В этой работе используется подход восстановления in vitro для изучения пороэластичности гелей актомиозина в контролируемых условиях. Количественно определена динамика геля актомиозина и встроенного растворителя, с помощью которой продемонстрирована сетчатая пороупругость. Мы также обсуждаем экспериментальные проблемы, распространенные ошибки и отношение к механике клеточного цитоскелета.

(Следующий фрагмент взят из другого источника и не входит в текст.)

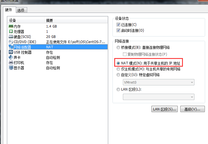 2.虛擬機->設置->網(wǎng)絡適配器->選擇NAT模式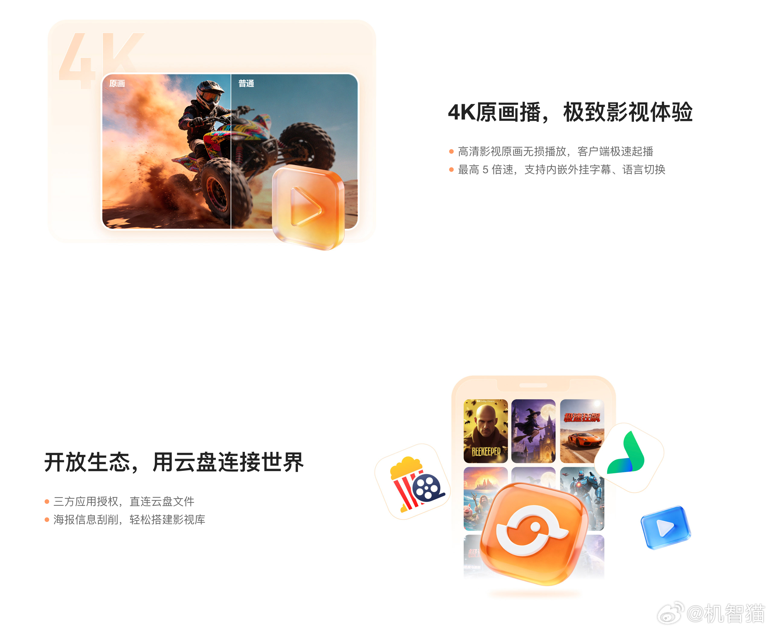 不同之处在于光鸭云盘更侧重宣传影视资源的支持,比如支持磁力链、ed2k、迅雷链、http、https 批量云添加支持原画无损播放,客户端极速起播三方应用授权,直连云盘文件

Клетки могут активно менять свою форму и становиться подвижными, что зависит от их способности активно реорганизовывать свою внутреннюю структуру. Эта особенность объясняется механическими и динамическими свойствами клеточного цитоскелета, в частности, цитоскелета актомиозина, который представляет собой активный гель полярных актиновых филаментов, миозиновых моторов и вспомогательных белков, которые проявляют внутренние свойства сокращения. Общепринятая точка зрения состоит в том, что цитоскелет ведет себя как вязкоупругий материал. Однако эта модель не всегда может объяснить экспериментальные результаты, которые больше согласуются с картиной, описывающей цитоскелет как пороупругий активный материал — эластичную сеть, встроенную в цитозоль. Градиенты сократимости, генерируемые миозиновыми моторами, управляют потоком цитозоля через поры геля, что делает вывод о том, что механика цитоскелета и цитозоля тесно связана. Одной из основных особенностей пороупругости является диффузионная релаксация напряжений в сети, характеризующаяся эффективной константой диффузии, которая зависит от модуля упругости геля, пористости и вязкости цитозоля (растворителя). Поскольку клетки имеют много способов регулировать свою структуру и свойства материала, наше нынешнее понимание того, как связаны механика цитоскелета и динамика потока цитозолей, остается плохо изученным. Здесь используется подход восстановления in vitro для характеристики свойств материала пороэластичных гелей актомиозина в качестве модельной системы для клеточного цитоскелета. Сокращение геля обусловлено моторной сократимостью миозина, что приводит к возникновению потока проникающего растворителя. В статье описано, как приготовить эти гели и провести эксперименты. Мы также обсудим, как измерять и анализировать поток растворителя и сжатие геля как в локальном, так и в глобальном масштабе. Приведены различные соотношения масштабирования, используемые для количественной оценки данных. Наконец, обсуждаются экспериментальные проблемы и распространенные ошибки, в том числе их отношение к механике клеточного цитоскелета.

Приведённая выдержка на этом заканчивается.